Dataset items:
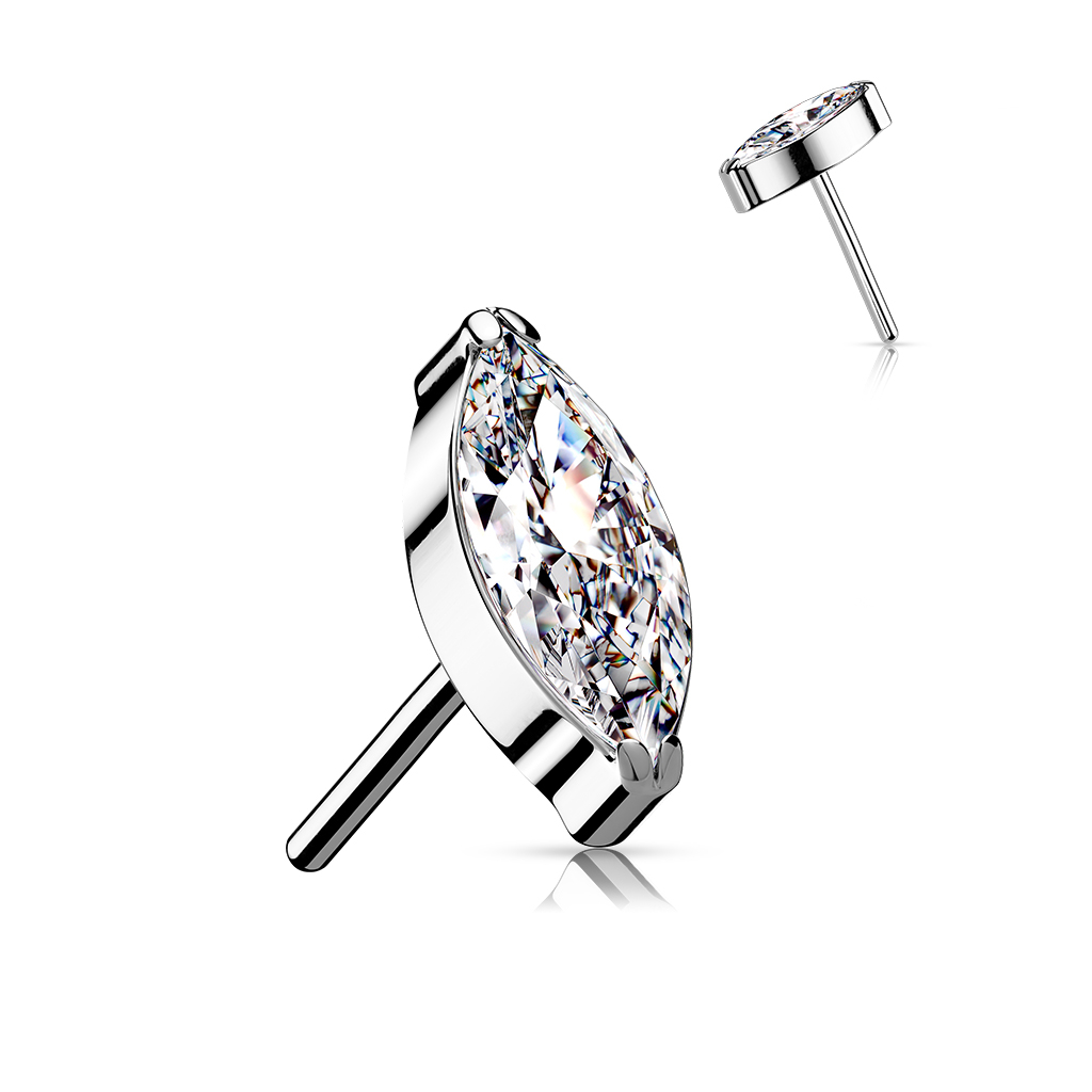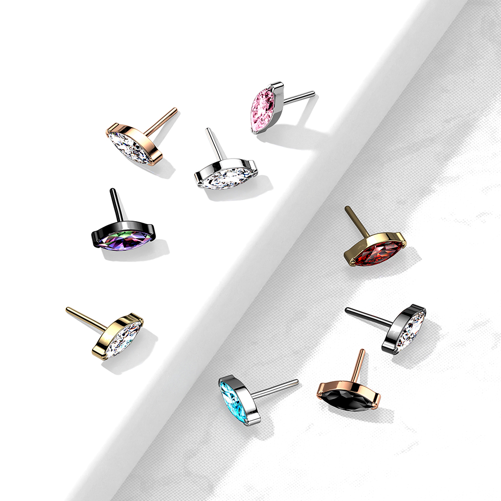 Threadless jewelry is the way to make your jewelry changes smooth. Here you can get a stunning marquise stone top for your push-in jewelry. And if you want style options, this particular design gives you all the options you could wish for! You could choose a simple, clear stone with gold, rose gold, or silvery material for your everyday style, and go for a more daring design, like rose gold with black stone, for going out.
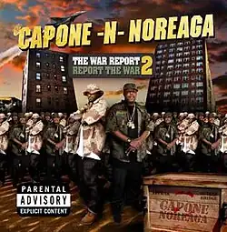 The War Report 2: Report the War is the fourth studio album by American hip hop duo Capone-N-Noreaga. It was released on July 13, 2010 via N.O.R.E.'s Thugged Out Militainment, Raekwon's Ice H20 Records, and EMI Records. Production was handled by Scram Jones, Alchemist, AraabMuzik, BT, Buckwild, DJ Green Lantern, Dreddy K. Amarae, Hazardis Soundz, Kyze, M3, Neo Da Matrix, SPKilla, Tha Bizness and Tony Heathcliff. It features guest appearances from Raekwon, Avery Storm, Busta Rhymes, Faith Evans, Imam Thug, Musaliny, Nas and The Lox.
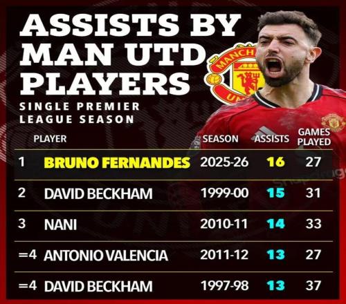 更值得一提的是,憑借助攻梅開二度,他也超越了曼聯隊內由小貝保持長達26年的英超15次助攻紀錄。在1999/2000賽季中,小貝貢獻了15次英超助攻,而現在B費的助攻次數達到16次。
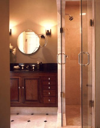 Traditional styling and hardware. Stained mahogany with gray panel molding and a granite top.
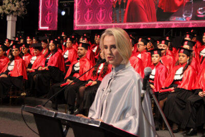 Em seu pronunciamento, Gisele destacou que ao longo da formação os novos graduados aprenderam que aplicar a lei exige técnica, mas fazer justiça exige consciência ética. “Exige escuta. Exige empatia. Exige coragem para defender direitos mesmo quando isso não é confortável. exige lembrar, todos os dias, que o direito não existe para servir ao poder, mas para proteger pessoas”, salientou.
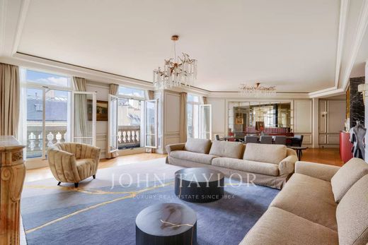 Paris 8. Im Herzen des Goldenen Dreiecks zwischen Seine und Place François 1er. Wir bieten Ihnen im fünften Stock eines eleganten Gebäudes eine hervorragende Empfangswohnung mit einer Fläche von 278 m², luxuriös renoviert und mit Balkonen mit freiem Blick auf den Place François 1er, die Seine und zahlreiche Sehenswürdigkeiten von Paris. Es setzt sich wie folgt zusammen: - Eingangsgalerie - sehr großes Doppel-Empfangszimmer mit Esszimmer und Bar - großes Heimkino-Fernsehzimmer - geräumige Wohnküche - mit Blick auf die Rue François 1er, eine schöne Master-Suite mit großem Badezimmer und geräumigem Ankleidezimmer und ein zweites Schlafzimmer mit Badezimmer - Blick auf den Innenhof, zwei Schlafzimmer mit Badezimmern und Ankleidezimmern. Sehr geräumig. Klimatisiertes Apartment, luxuriös renoviert in einem eleganten, modernen Stil. Zwei Keller, ein Dienstschlafzimmer und ein Abstellraum runden dieses Angebot ab.

TASK DESCRIPTION: Because only one stretch of the records is wanted, please output the lines from the one holding "更值得一提的是,憑借助攻梅開" through the one holding "Traditional styling and" exactly, both included, and leave every picture out.

RESPONSE:
 更值得一提的是,憑借助攻梅開二度,他也超越了曼聯隊內由小貝保持長達26年的英超15次助攻紀錄。在1999/2000賽季中,小貝貢獻了15次英超助攻,而現在B費的助攻次數達到16次。
 Traditional styling and hardware. Stained mahogany with gray panel molding and a granite top.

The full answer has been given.